March 2, 2024:
By early 2024 Russian losses in Ukraine during the last two years had reached unsustainable levels. Russia currently has about 470,000 troops in Ukraine, but efforts inside Russia to recruit more men to fight in Ukraine are unable to obtain enough new recruits to replace all the losses. Russia estimates that current loss rates in Ukraine will, by 2025, produce a significant reduction in Russian forces available for operations in Ukraine.
Russian weapons production is suffering another form of attrition, the Western economic sanctions have blocked supplies of essential electronic and other imported components needed to build more weapons. Some of the sanctioned items can be smuggled in from other sources, but this is expensive, and supplies of key components are erratic. Russian military leaders were not aware of this situation until their boss Vladimir Putin demanded increased production of weapons. That can be done through most of 2024 but the shortages of components and cash will become a problem by 2025.

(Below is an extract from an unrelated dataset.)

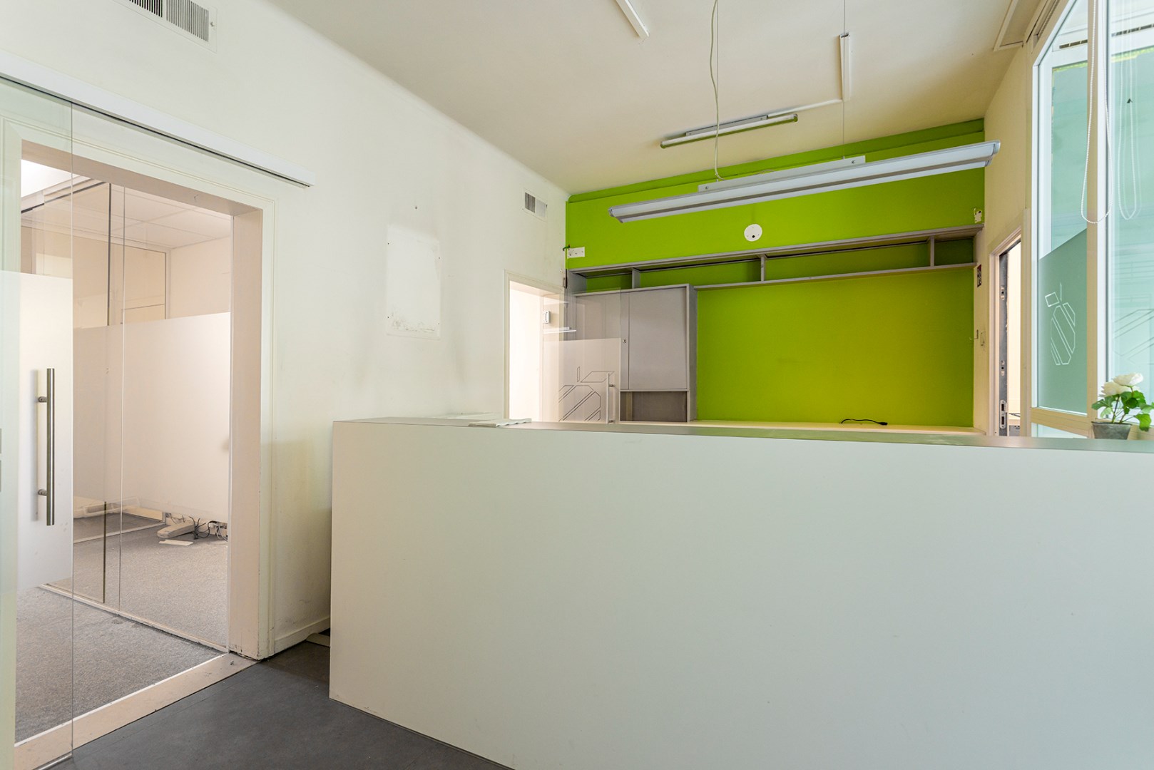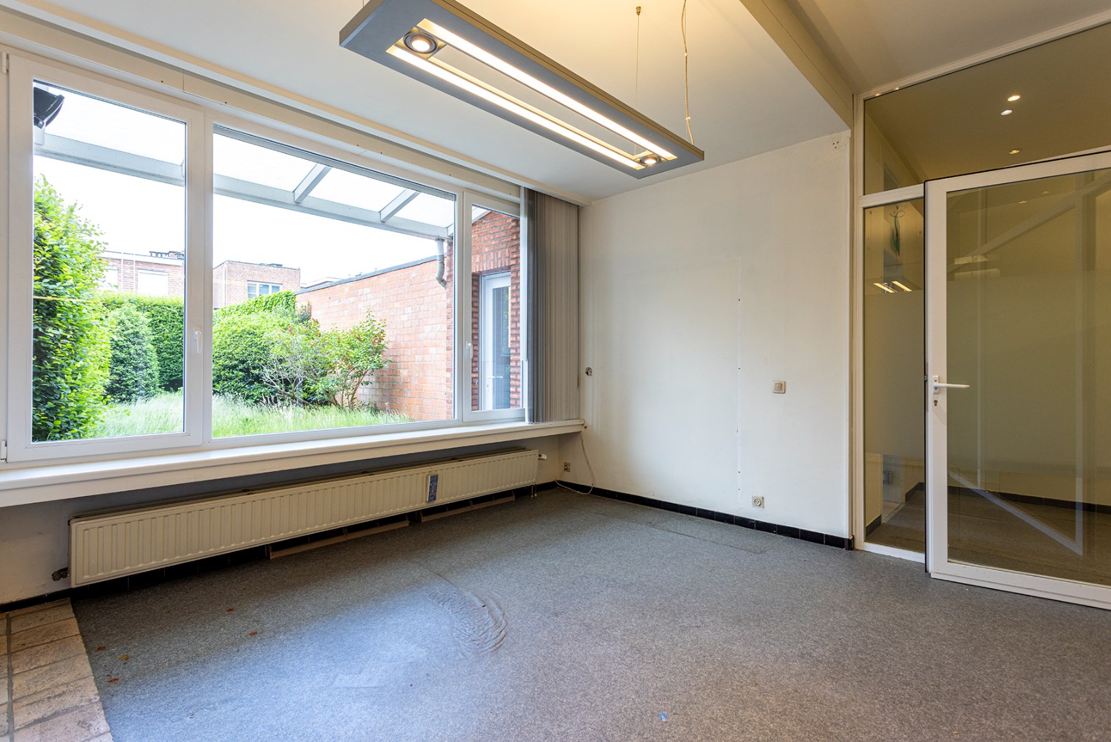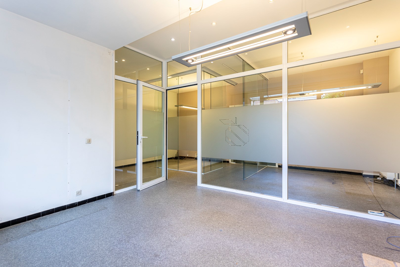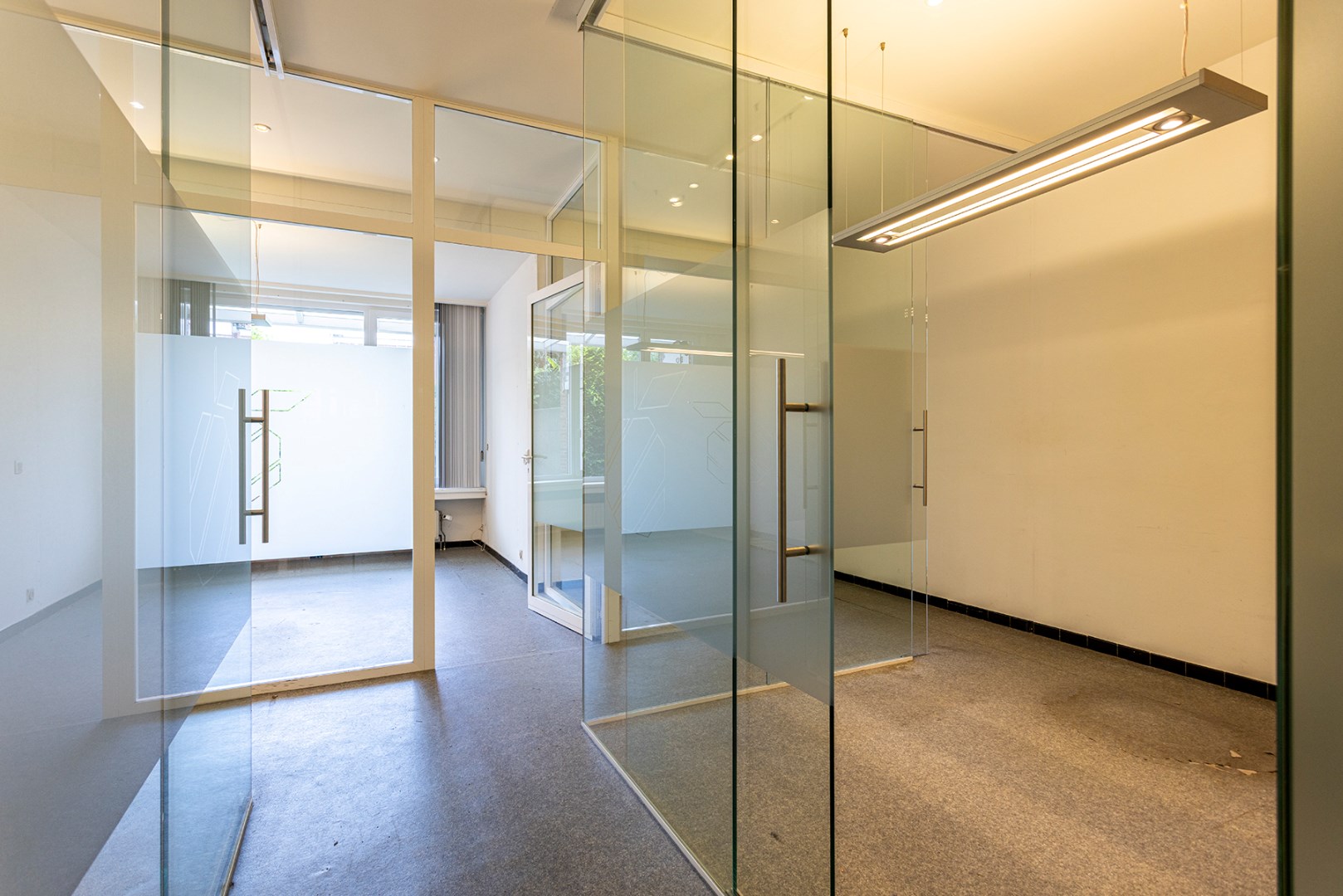Vooraan is er een ontvangstruimte die doorgang geeft aan de receptie met aanpalend een berging. Achteraan zijn er verschillende kantoorruimtes die van elkaar afgescheiden zijn door glas. Achteraan is er een keuken en een toilet. Verder is er een grote tuin.

This means Russian defense industries won’t be able to deliver the desired number of tanks, artillery, and associated munitions in 2024. Production of new warplanes is particularly hard hit. Russia has lost over 300 warplanes in the last two years and these cost up to $50 million each to replace. The problem is that sanctions prevent key components for commercial and military aircraft from getting to Russia. During the Cold War the Soviet Union manufactured all the second rate components it needed to build second rate commercial and military aircraft. After the Cold War ended many of the Russian aircraft component manufacturers went out of business. Those that survived imported key components from the West. Russia discovered that Western nations often had to import components from other Western nations to produce commercial and military aircraft. The invasion of Ukraine meant no more Western components except for the few that could be smuggled in at great expense.
Russian and American aircraft builders are the main suppliers of commercial and military aircraft to the world. The American Boeing firm is the largest aircraft manufacturer but there are five others: Airbus, Lockheed Martin, Northrop Grumman, General Dynamics, and Raytheon Technologies.